- The paper introduces a disaggregated inference framework that partitions LLM serving into a prefill and decode stage to optimize GPU resource utilization.
- It demonstrates that deploying heterogeneous GPUs with specialized strengths enhances throughput, reduces latency, and efficiently manages VRAM.
- A two-step optimization algorithm jointly configures parallel strategies and P-D ratios, validated by comprehensive simulation under varied QPS demands.
Disaggregated Prefill and Decoding Inference System for LLM Serving on Multi-Vendor GPUs
Introduction
The inference system of LLMs is pivotal in achieving rapid and accurate responses in user applications. With the proliferation of model sizes, balancing computational requirements and VRAM consumption becomes increasingly challenging. This paper introduces a novel disaggregated inference framework that leverages heterogeneous GPU resources across multiple vendors to optimize resource utilization and minimize costs.
Figure 1: System architecture.
System Design
This paper proposes a P-D disaggregated inference system that effectively partitions the inference process into a prefill stage and a decode stage. Prefill focuses on the generation of the first token, which demands significant computational power, while decode manages the subsequent token generation and is intensive in VRAM usage. By deploying GPUs with specific strengths—as illustrated, GPUs with higher computational power serve the prefill stage, whereas GPUs excelling in memory access capabilities handle the decode stage—the system enhances efficiency and resource utilization.
Figure 2: Workflow of P-D disaggregated Inference System.
Heterogeneous Compatible Transmission Module
To facilitate data interchange between diverse GPU architectures, a heterogeneous compatible transmission module is designed. This module tackles the disparity in VRAM management across different GPU vendors. It executes operations such as layout conversion, aligning block sizes, and managing parallel strategies to ensure inter-GPU compatibility. The alignment system aligns parallel strategies between varied GPUs, optimizing data transfer processes critical in asynchronous computing environments.
Figure 3: VRAM Management Alignment.
Figure 4: Heterogeneous Parallel Strategy Alignment.
Joint Optimization of Parallel Strategy and P-D Ratio
The optimization of deployment strategies is addressed through a two-step algorithm that calculates ideal configurations for the system's parallel strategies and the ratio of P to D instances. This method maximizes throughput while adhering to constraints on time and VRAM capacity, ensuring efficient handling of high QPS user demands.
Simulator Design
The simulator builds a comprehensive system model that integrates transformer structures, hardware features, and framework optimizations. By simulating various operational scenarios, the simulator aids in refining the joint optimization algorithm, ensuring robust model performance across diverse inference contexts.
Figure 5: Simulator Model.
Extensive evaluations demonstrate that the P-D disaggregated inference system significantly enhances computational throughput and reduces latency:


Figure 6: Influence of Different Context Lengths.

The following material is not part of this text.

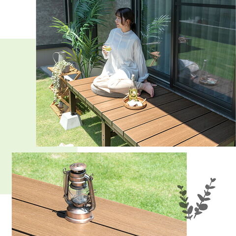 ・長く使える高い耐久性 ・リアルな木目デザイン ・水洗いのみでお手入れ簡単 ・雨風に強い アルミフレーム ・高さ調整OK!アジャスター付き ・暮らしに合わせて拡張OK |
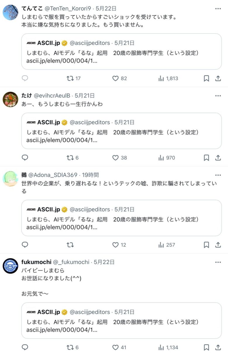 一部の反AIが騒いでるだけやからなあしまむらユーザーレベルで言えば無風か好意的やからなあ

Figure 7: Influence of P-D Ratio(256+256, QPS2).

Figure 8: Influence of P-D Ratio(1024+1024, QPS3).
Performance metrics indicate the system's superior handling of varied context lengths and its flexibility in adjusting P-D ratios to optimize processing speed and resource utilization.
Influence of Heterogeneous P-D Strategies
Deploying heterogeneous GPU architectures across different vendors distinctly impacts system performance, allowing for bespoke enhancements that accommodate larger-scale demands without the constraints of inner-system homogeneity.


Figure 9: Influence of Heterogeneous P-D(512+1024, QPS3).

Figure 10: Influence of Heterogeneous P-D(1024+1024, QPS2).
Conclusion
The paper provides compelling evidence that a heterogeneous P-D disaggregated inference framework offers tangible benefits in LLM deployment scenarios. It effectively leverages diverse GPU architecture capabilities to maximize throughput, reduce latency, and minimize infrastructure costs, paving the way for more efficient and adaptable LLM applications across various industries. Future work will focus on refining transmission latencies and optimizing parallel computing strategies to further enhance system capabilities.